La dictature de l’immédiat

Il est vital de tirer d’urgence des conclusions opérationnelles. Hervé Sérieyx et moi avons demandé au Président de la République que l’argent des contribuables ne soutienne plus que des entreprises « à capital patient », respectueuses des hommes et orientées vers le long terme. C’est-à-dire portant les valeurs promues par le CJD. Or, comme Philippe Crevel le constate, « les grandes entreprises françaises ont privilégié les délocalisations » et ont « un faible ancrage territorial ». Outre-Rhin, au contraire, « les banques régionales sont également des actionnaires actifs. Les liens entre les entreprises d’un même bassin d’emplois sont importants. À Stuttgart, les familles actionnaires de Porsche ou de Mercedes se retrouvent dans les conseils d’administration des sous-traitants. » Tout cela tisse un système de solidarités entre grandes et petites entreprises, financiers, territoires. D’où une meilleure mobilisation de l’intelligence collective interne (avec les salariés) et externe et plus de résilience.

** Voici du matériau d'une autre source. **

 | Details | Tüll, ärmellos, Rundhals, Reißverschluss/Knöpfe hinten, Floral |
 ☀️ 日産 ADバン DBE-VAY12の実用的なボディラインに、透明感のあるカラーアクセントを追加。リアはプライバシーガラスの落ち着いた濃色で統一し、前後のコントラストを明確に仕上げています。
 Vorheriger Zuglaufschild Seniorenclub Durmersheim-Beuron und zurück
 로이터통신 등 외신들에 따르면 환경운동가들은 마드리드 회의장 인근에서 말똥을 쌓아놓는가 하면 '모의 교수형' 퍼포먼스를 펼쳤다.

Un tel modèle, porteur d’avenir, implique à tous les niveaux un management respectueux de l’Autre, empathique comme l’évoquait ici Janick Villanneau à propos de l’intelligence artificielle. Ce modèle est incompatible avec l’actuelle dictature du profit immédiat. Débarrassons nos esprits, et ceux des responsables politiques, économiques et administratifs, des idées fausses néolibérales qui nous conduisent à des désastres à répétition. Il ne s’agit plus de discussions académiques. Très concrètement, cette dictature de l’immédiat, qui a fait supprimer des stocks de médicaments et fermer des milliers de lits dans les hôpitaux, nous conduit à sacrifier l’essentiel. Cet essentiel qui est devenu urgent, comme nous le rappellent Edgar Morin, la dernière encyclique du Pape François, le coronavirus et les catastrophes climatiques niées par Trump, mais vécues dans les territoires incendiés en Californie comme dans les villages inondés dans les Alpes du Sud et en Italie.

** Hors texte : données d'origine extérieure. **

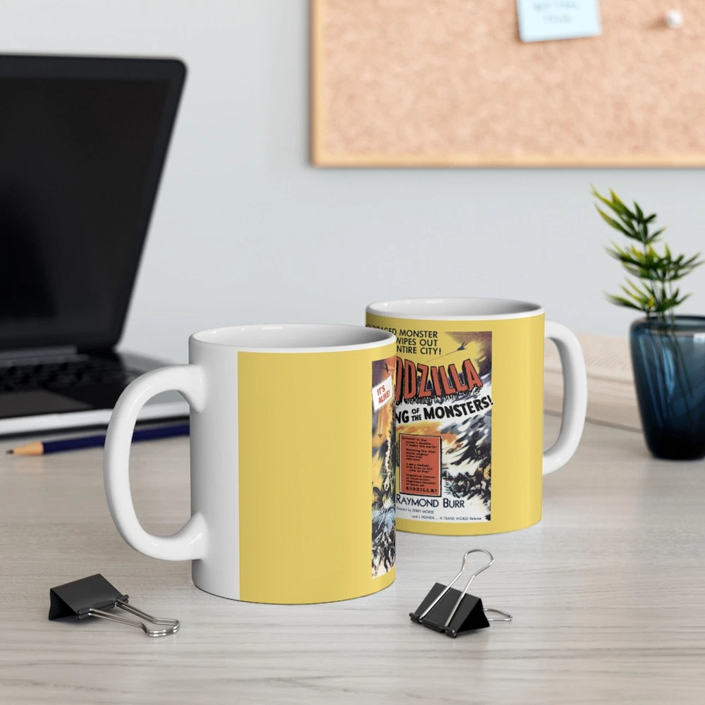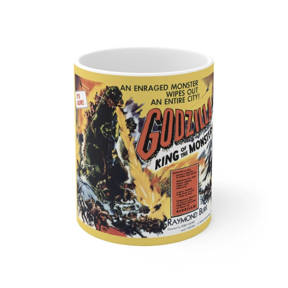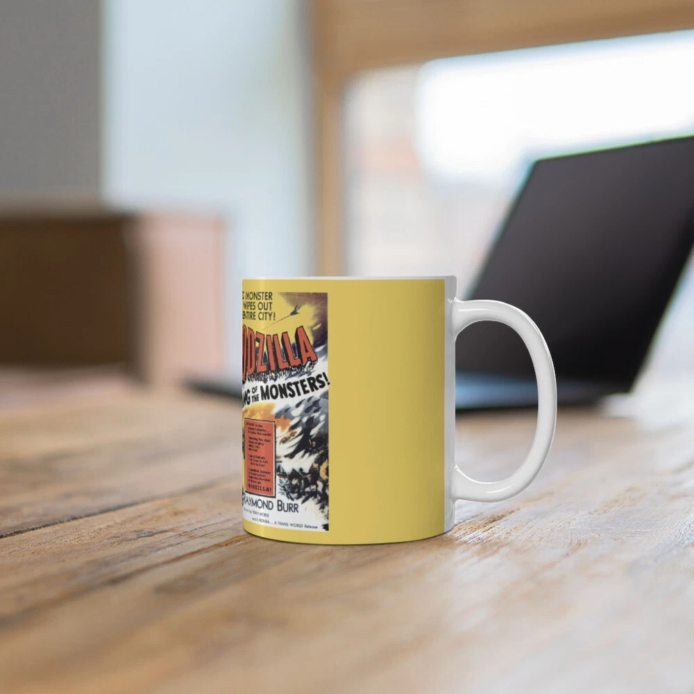 This is a made to order item. We print the mug on a per order basis. Have a Godzilla fan in your life? Our Godzilla King of the Monsters Movie Poster mug was made just for them! Long live the king! This 11 ounce mug is the perfect Father's Day gift or even a thoughtful birthday present for your Movie Monsters (Kaiju) film buff. Godzilla (Gojira) has quite the following and has been an American icon for decades. The artwork on this mug brings Godzilla to life. White Ceramic Rounded Corners C-Shaped Handle Dishwasher and Microwave Safe Mug is made in either China or Thailand. Printing is done here in the United States by us.

[1] François Dalle et Jean Bounine. L’Éducation en entreprise. Contre le chômage des jeunes. Odile Jacob, 1993, 282 p. François Dalle a présidé l’Oréal de 1957 à 1984.

[2] Thomas Philippon. Le capitalisme d’héritiers. La crise française du travail. Seuil, 2007, 109

[3] Keizai Nihon Shimbun et Asahi Shimbun, À la recherche du nouveau modèle japonais. Courrier international, n° 450, 17 juin 1999, p. 56.